Take computer science, for instance. Employers nationwide lament a massive skills gap, and the Bureau of Labor Statistics says there will be a million more job openings than trained workers to fill them by 2020. Yet, according to Code.org, an organization that encourages more students to learn programming and coding skills, only 1 in 10 American high schools even offer a computer science class, let alone Advanced Placement in the subject. And fewer than 3 percent of college students earned a C.S. degree in 2012, according to the National Center for Education Statistics.
Curriculum is not the only part of the system ripe for change, of course. The delivery mechanism has also remained unchanged for generations. Teachers run classes as extended lectures and send students home to complete homework assignments, often alone and confused. It’s a practice that’s particularly disadvantageous for students who lack a conducive home environment.
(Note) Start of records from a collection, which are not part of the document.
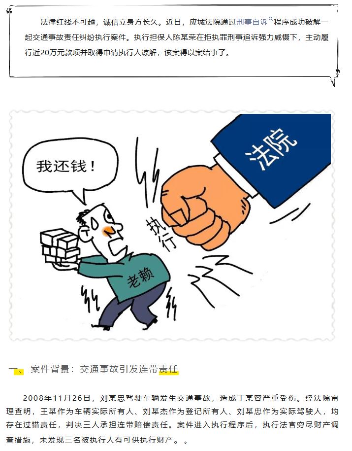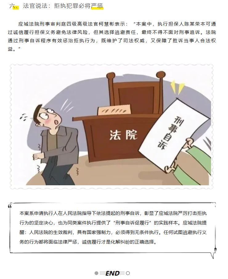 执行担保人拒不执行 刑事自诉促案结事了 应城法院以刑促执破僵局,近20万款项全额赔付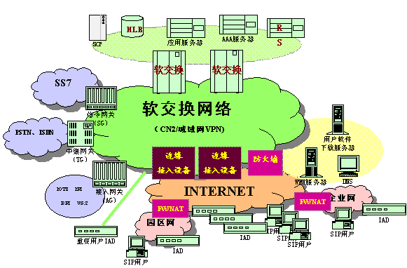 對于部署在專網(wǎng)上的TG及AG/部分IAD設(shè)備 當(dāng)用戶發(fā)起業(yè)務(wù)請求時,網(wǎng)關(guān)設(shè)備將根據(jù)預(yù)設(shè)的SS IP地址將呼叫送至相應(yīng)的SS。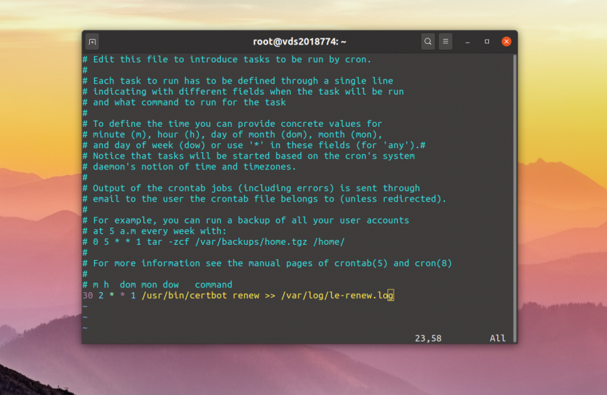Таким образом, мы создали задачу, которая будет выполнять команду обновления каждый понедельник, в 2:30 утра. Информация про результат выполнения будет сохранятся в файл /var/log/le-renewal.log.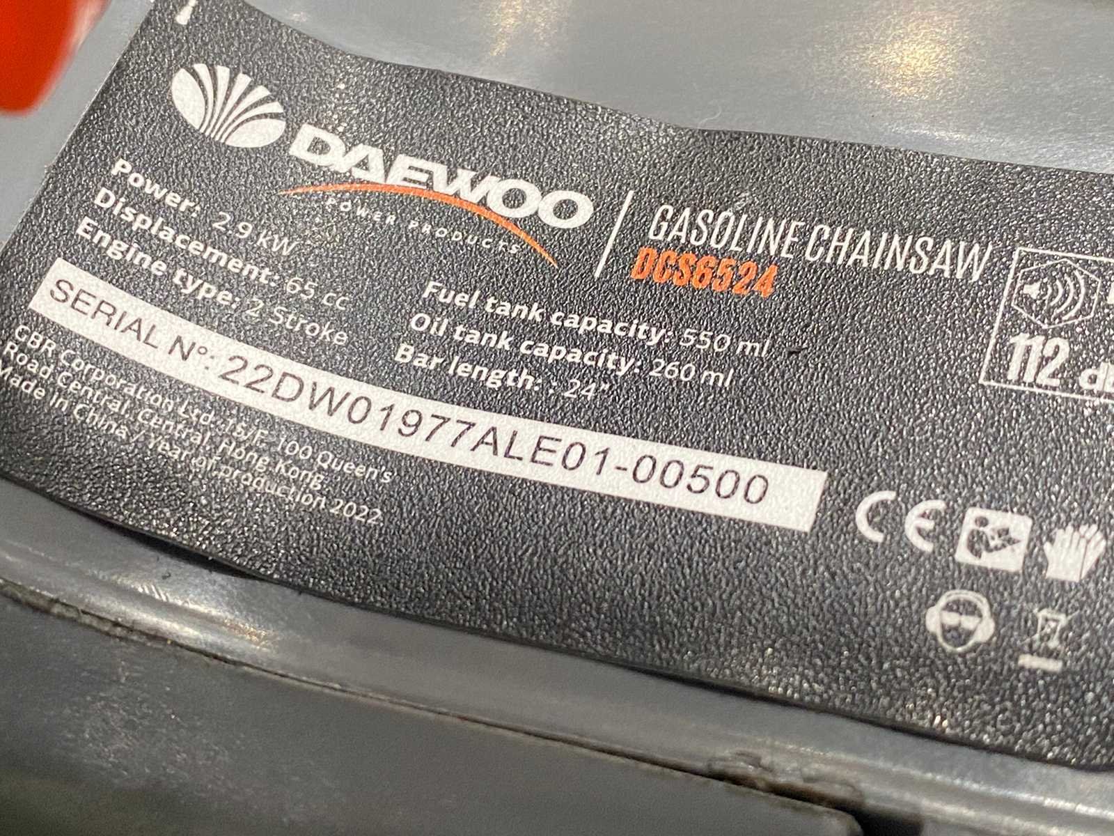 <li><strong>Merk:</strong> Daewoo</li> <li><strong>Type:</strong> DCS6524</li> <li><strong>Motorvermogen:</strong> 2.9 kW</li> <li><strong>Motorinhoud:</strong> 65 cc</li> <li><strong>Brandstof:</strong> 2-takt benzine</li> <li><strong>Voorzien van:</strong> automatische kettingsmering</li> <li><strong>Lengte zaagblad:</strong> 600 mm / 24 inch</li> <li><strong>Staat:</strong> ongebruikt, in de originele verpakking</li> No Merk: Daewoo Type: DCS6524

We need pioneering innovations to make their way into more of our schools, like the “flipped classroom” model made possible by, for example, the extraordinary Khan Academy video lectures. In this model, educational material like lectures and other video is consumed by a student alone outside of the classroom, while “homework” and other practical learning-oriented exercises are done in school, where students have access to resources and assistance.